A list of types of DNS records and their respective functions.
DNS stands for Domain Name System, and it serves as a type of "phone book" for the Internet. DNS converts web addresses, or URLs, into a physical IP address that represents the computer hosting the site. Certain tools and services require users to modify their DNS settings, and these same tools and services often require users to change a certain type of DNS record, all of which are listed below.
Standing for “address record,” an A record points a hostname to an IPv4 address. It is the main record responsible for directing a browser’s hostname query to its IP address. The A record should generally not be changed manually because a properly configured InterWorx server will generate a correct one for all new domains.
Similar in function to an A record, but pointing the hostname to an IPv6 address, rather than an IPv4 address. This IPv6 address system is the most recent version and will soon the the preferred IP format for all future domains.
A CNAME record refers to “canonical name” record because they usually map an alias to its canonical name. In short, they allow a domain to respond to multiple hostnames.

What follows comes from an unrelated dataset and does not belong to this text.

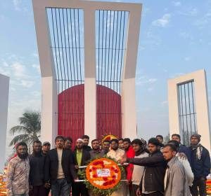 বাগেরহাটে মহান একুশে ফেব্রুয়ারি উপলক্ষে প্রথম প্রহরে শহীদ মিনারে শ্রদ্ধাঞ্জলি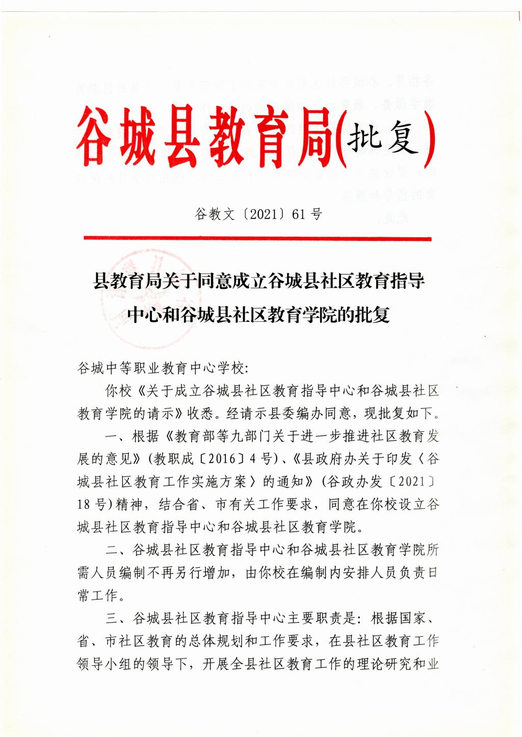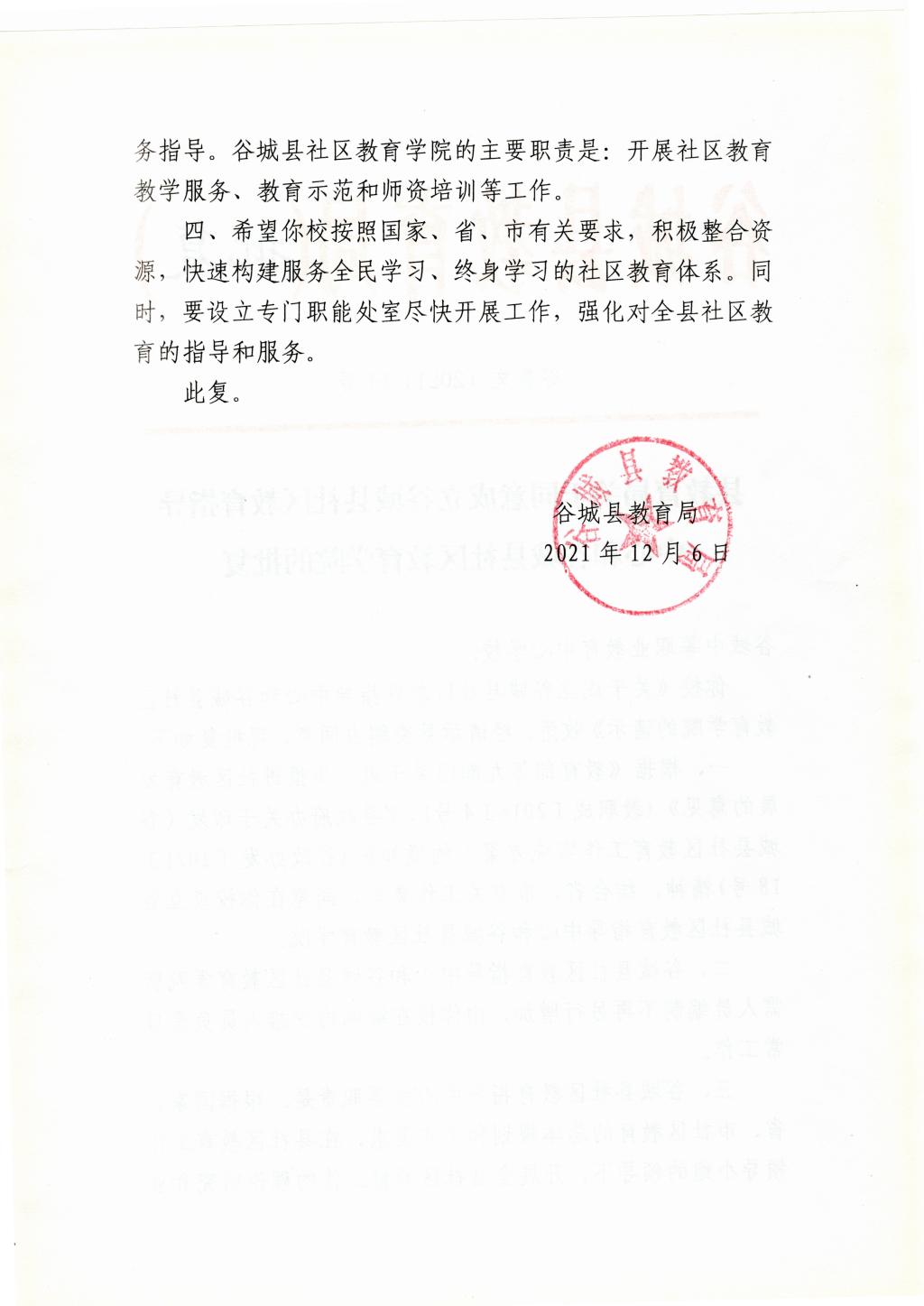 (通讯员 周修刚/文) 12月6日,谷城县教育局根据《教育部等九部门博鱼登录进一步推进社区教育发展的意见》(教职成[2016] 4号)、《谷城县社区教育工作实施方案》(谷政办发[2021] 18号)文件精神,结合省、市有关工作要求,批准在谷城职教中心设立谷城县社区教育指导中心和谷城县社区教育学院。

An MX record, or mail exchanger record, specifies the domain’s mail server so that all incoming emails are diverted to the correct mail server. For example, an email sent to firstname.lastname@example.org would instead go to the correct mail server for example.com. It is also possible to assign priorities to multiple mail servers, but most modern domains require only one MX record.
NS refers to “name server,” and this record identifies the authoritative name server for the domain. These are most often used for partitioning domains into sub-domains. Domain registrars ask for a domain’s authoritative name servers upon registration; therefore, this record should be assigned when replying to the registrar’s request.
A PTR record, or pointer record, is sometimes referred to as a “reverse DNS record” because it is the opposite of an A record; it maps an IP address back to a hostname. An A record should exist for every PTR record, and these are often used to check if a server name actually corresponds to the IP address initiating the connection.
TXT or text records hold various information about a domain. Common uses include SPFs, DK, and DKIM. TXT records can hold any form of human-readable information
The SOA record, or state of authority record, contains information required for all DNS zones such as contact email, refresh time, expire time, source host, and minimum TTL.